# Pixel looses her best friend tomorrow :(



## dr.jaimie (Mar 23, 2004)

RIP Sadie! She survived 5 mo with chemo...5 great months she wouldnt have had without it







i know she isn't a malt but Pixel spent everyday upfront at work with her. She is one of the receptionist's dogs. Pixel knew Sadie wasn't doing too well today. She stayed by her side all day, giving her kisses and just watching over her. Pixel and Sadie have an unusual relationship. Sadie never liked other dogs but she likes Pixel. She has even stood b/w Pixel and another dog that was jumping at Pixel to protect her. their friendship was one in a million.







i know pixel will miss her. Looks like Parker will have to come to work the rest of the week after tomorrow.







so at noon tomorrow have Sadie and her family in ur thoughts please. Sadie's mom's father is also dying of cancer up north so it is a difficult time for her.







I love ya sadie bell!!!


















[attachment=20370:attachment]


----------



## sassy's mommy (Aug 29, 2005)

Awwww...that is such a sad story. We will certainly remember Sadie's family tomorrow. Poor Pixel....she is gonna be lonely at work.


----------



## gibbert (Jan 13, 2005)

Oh my goodness - Sadie has such a sweet face and very soulful eyes. Did you take those pictures Jaimie? They're beautiful. I will be thinking about Sadie and her family tomorrow. I'm sorry sweet Pixel will be without her partner in crime.


----------



## phesty (May 30, 2006)

Awww, that's so sad.









My thoughts and prayers will be with Sadie and her family tomorrow, and with Pixel and the rest of you who knew Sadie well.

Rest in Peace dear Sadie.


----------



## Brinkley & Neyland's Mom (Jun 14, 2004)




----------



## lillady (Jan 25, 2007)

That just made my heart hurt














Sadie will no longer be in pain. She was lucky to have had such a great friend in Pixel! We will be thinking of Sadie and family tomorrow! May she RIP forever







So sorry for the loss you are going through!


----------



## starry (Sep 4, 2006)

So many tears in my eyes as I look at this sweet face.








What a loving picture to have.








I hope Pixel and everyone will be ok.








It looks like at least Sadie got to spend her last days in a very loving environment.
I will lite a candle for Sadie at noon tomorrow, please tell her and her mom...

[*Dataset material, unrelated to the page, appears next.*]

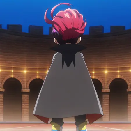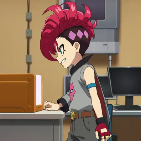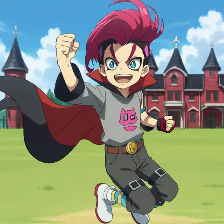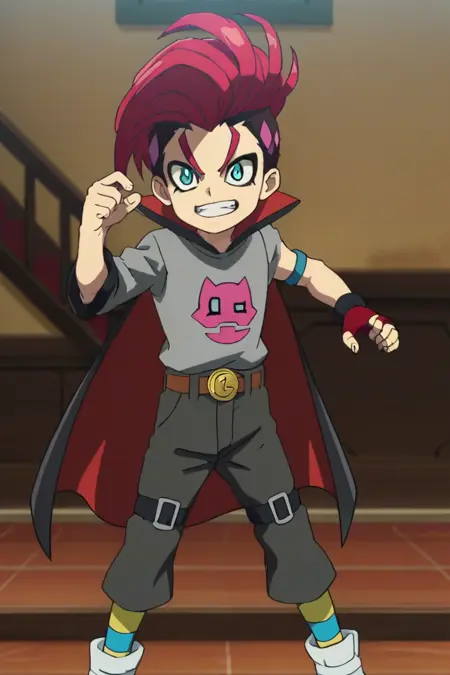 Prompts: male, multicolored hair, three-tone hair, red hair, dark purple hair, pink hair, mohawk, turquoise eyes, v-shaped eyebrows, eyeliner, grey shirt, print shirt, asymmetrical sleeves, cape, single armband, single fingerless glove, belt, pants, leg straps, striped socks, boots
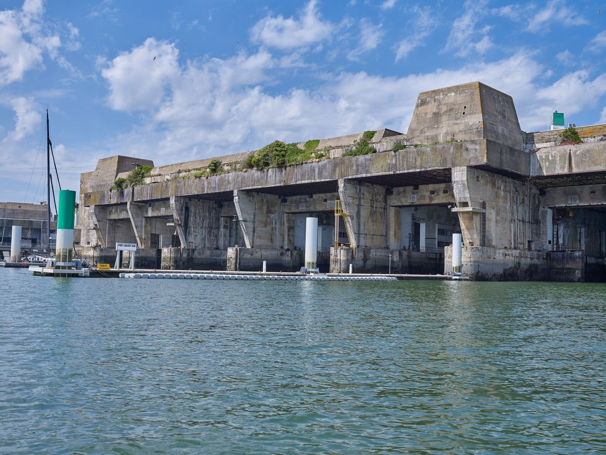 Vue générale depuis la rade de Lorient : entrée de cinq des sept alvéoles. Au premier plan : pontons de navires de course au largeImmatriculation

Jamie I know this must be hard for you too.


----------



## dr.jaimie (Mar 23, 2004)

yes i took sadie's portriats for xmas when we didnt know how long she would be around. i diagnosed her with anal sac adenosarcoma in september ..it had already spread to her bone marrow and spleen...and they said maybe 3mo with chemo..so her mom called me her miracle doctor..and i said no she was a miracle dog when she made it past 3 months! her mom has been a great friend so yes this will be hard..like putting my best friend's dog to sleep. but she wouldn't want ne one else to do it so i wouldn't have it ne other way


----------



## Maidto2Maltese (Oct 19, 2004)

Ahh what a beautiful, and loving face! This just is so sad...I hate that anyone has to face this terrible time of saying good-bye to a beloved pet!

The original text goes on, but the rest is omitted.